Наутро изрядно помятый Лёха зашёл к Семёнчику.
- Дед, аванец бы мне...
- Какой ещё «аванец»? - сурово поднял бровь Семёнчик.
- Граммов сто...
- Ничего, на месте опохмелишься, гвардеец. Жди меня во дворе, - дед был непреклонен.
Перед выходом Семёнчик открыл шкаф в спаленке, извлёк из-под всякого тряпичного хламу огромную бутыль с коричневатой жидкостью, с усилием вытащил пробку, поморщился от самогонных паров, ударивших в нос и, наполнив жидкостью поллитровку, сунул её в рюкзак.
Всю дорогу Лёха молчал. На его красном от ночного веселья, взмокшем лице были видны следы похмельных страданий.
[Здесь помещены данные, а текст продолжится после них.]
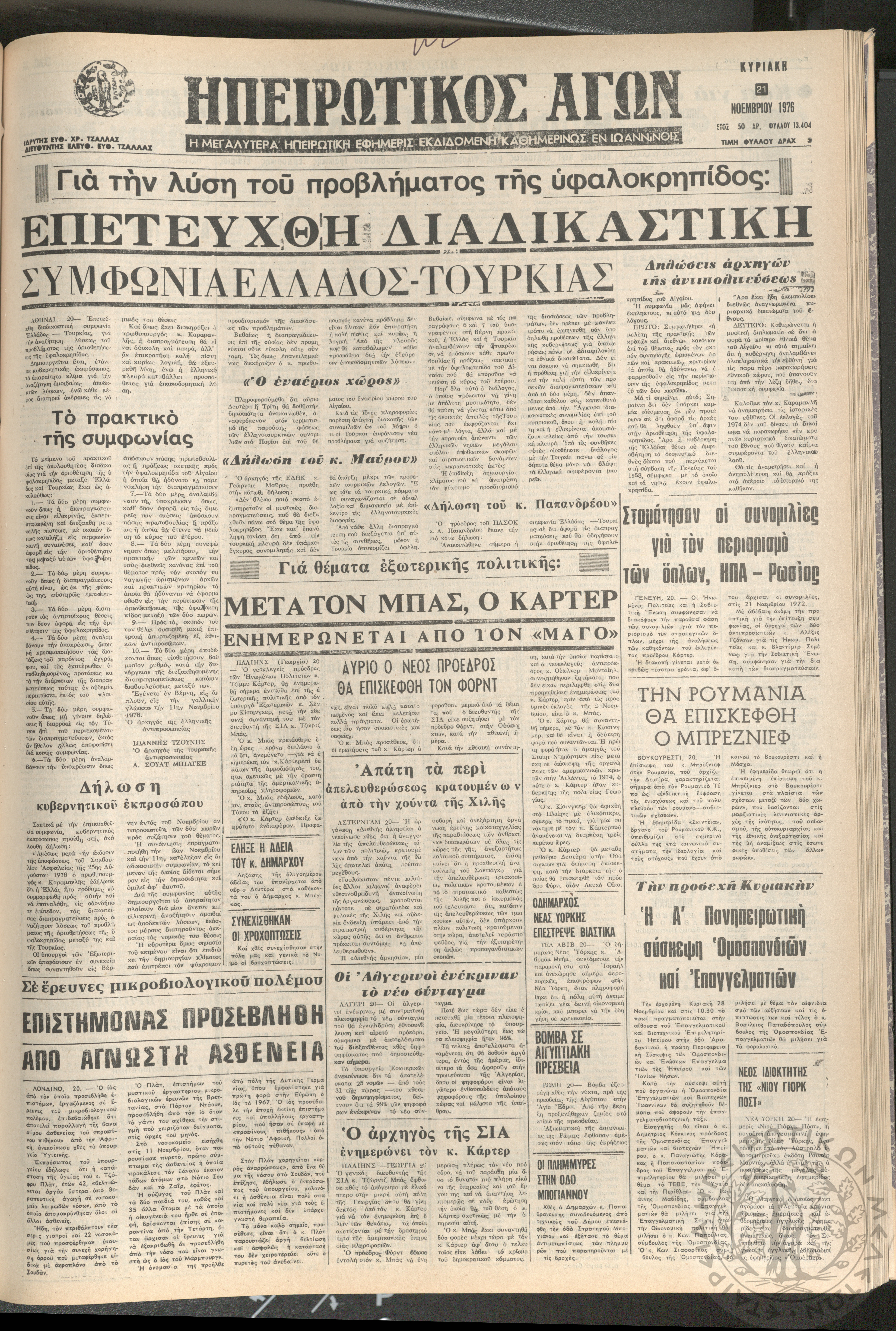 Ηπειρωτικός Αγών: η μεγαλυτέρα ηπειρωτική εφημερίς εκδιδόμενη καθημερινώς εν Ιωαννίνοις 1976 (φ. 13404)Έτος 50, φ. 13404...

Он плёлся, плохо разбирая дорогу, тяжело дышал перегаром в спину Семёнчику. К базе вышли, как говорится, по графику — как планировал дед.
- Не томи, Семёнчик, - заскулил Лёха, мешком рухнув на лапник в гараже, и жалобно поглядел на деда.
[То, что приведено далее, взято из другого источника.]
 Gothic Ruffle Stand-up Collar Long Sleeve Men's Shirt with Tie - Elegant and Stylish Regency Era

Тот неторопливо развязал рюкзак, достал бутылку.
- Смотри, Лёша, - деловито предупредил дед, кивая на пузырь, - эта штука очень сурьёзная – я сам гнал и на травках нужных выстаивал. От неё таких правофланговых вытягивало, не чета тебе.
- Не переживай. Здесь всего тридцать три «булька». Я и не столько держал. – Лёха с силой дунул в граненый стакан и честно, бульками отмерил сто граммов.
- Смотри, как бы к вечеру к тебе твой «десантник» не прилетел. – Семёнчик хитро улыбнулся: кто поверит пьяному Лёхе, что он самолет видел в тайге?!
Дело заспорилось. Лёхин тельник мелькал повсюду: хворост собрать, дров нарубить, пихту завалить, кусты кое-где подрезать. К вечеру всё было готово. Каменистое плато теперь было не узнать – снова ровная, как доска, полоса.
- Семёнчик, для чего тебе это? – Лёха махнул свободной от стакана рукой в сторону полосы.
- Пил бы ты меньше, Лёша, - переменил тему дед, избегая объяснений.
Лёха опрокинул в глотку содержимое стакана, крякнул и потянулся к закуске. В то же мгновение над тайгой появился самолёт. Лёхина рука так и застыла в воздухе, не дотянувшись до куска сала. Махнув крылом, «кобра» пошла на второй круг. Лёха, сидя с открытым ртом, ткнул пальцем в самолёт, только что севший на полосу, и что-то промычал.
- Я предупреждал тебя, Алексей, - строго сказал Семёнчик и направился к самолёту.
Поздоровались. Дед получил очередной гостинец. Пошли к гаражу. Всё как обычно, да не совсем. Вдруг пилот сказал Семёнчику:
- Хорошая полоса получилась, спасибо, отец. Может, и к награде тебя представят. Теперь можно садиться.
- Кому садиться? – дед, надеясь, что сейчас ему скажут что-то важное, затаил дыхание, ловя каждое слово.
Лётчик тряхнул головой, словно сбрасывая с себя какое-то оцепенение, но вместо ответа дед услышал:
- Хворост имеется? – И очередной коробок лег в грязноватую мозолистую ладонь Семёнчика.
В сторонке, затаившись, на куче мусора сидел Лёха, сверкая из темного угла белками глаз. Он с недоумением уставился на человека в кожаной куртке, а тот, в свою очередь, сурово зыркнув на верзилу в изодранной тельняшке, ткнул в него пальцем, словно с плаката времён Отечественной войны, и грозно спросил:
- Дезертир?
- Контуженный он на всю голову, - беззаботно махнул рукой дед на Лёху и опустил глаза, - комиссовали недавно. Вот вожусь теперь.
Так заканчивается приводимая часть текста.